- **Supplied material**
⟨

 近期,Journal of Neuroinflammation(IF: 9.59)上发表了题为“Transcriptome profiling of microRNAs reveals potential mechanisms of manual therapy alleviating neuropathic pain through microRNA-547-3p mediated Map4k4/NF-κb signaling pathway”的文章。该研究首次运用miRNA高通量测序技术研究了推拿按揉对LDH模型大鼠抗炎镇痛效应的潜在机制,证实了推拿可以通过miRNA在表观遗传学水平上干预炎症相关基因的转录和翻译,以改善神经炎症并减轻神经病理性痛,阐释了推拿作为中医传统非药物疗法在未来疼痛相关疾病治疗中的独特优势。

⟩
⟨

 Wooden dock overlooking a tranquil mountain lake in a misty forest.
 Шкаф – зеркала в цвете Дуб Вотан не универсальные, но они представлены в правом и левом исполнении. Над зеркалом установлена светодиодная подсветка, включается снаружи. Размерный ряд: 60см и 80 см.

⟩
⟨

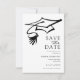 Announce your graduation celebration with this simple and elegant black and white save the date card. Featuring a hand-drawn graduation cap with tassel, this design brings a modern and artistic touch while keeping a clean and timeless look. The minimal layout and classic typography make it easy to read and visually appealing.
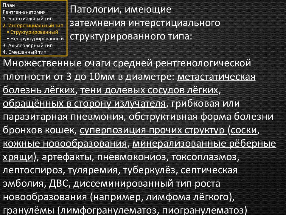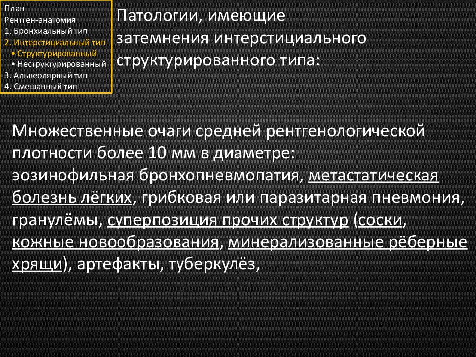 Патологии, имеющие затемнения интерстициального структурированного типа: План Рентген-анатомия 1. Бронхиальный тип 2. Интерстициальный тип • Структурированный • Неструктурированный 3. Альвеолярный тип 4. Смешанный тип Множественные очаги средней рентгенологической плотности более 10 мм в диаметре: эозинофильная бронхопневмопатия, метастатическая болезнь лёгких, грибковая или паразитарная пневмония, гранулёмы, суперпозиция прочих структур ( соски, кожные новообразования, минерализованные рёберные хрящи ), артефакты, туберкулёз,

⟩

Word for word, restate the lines above from the line containing "Wooden dock overlooking" through the line containing "Шкаф – зеркала", with both included and nothing else.

- **Final answer**
 Wooden dock overlooking a tranquil mountain lake in a misty forest.
 Шкаф – зеркала в цвете Дуб Вотан не универсальные, но они представлены в правом и левом исполнении. Над зеркалом установлена светодиодная подсветка, включается снаружи. Размерный ряд: 60см и 80 см.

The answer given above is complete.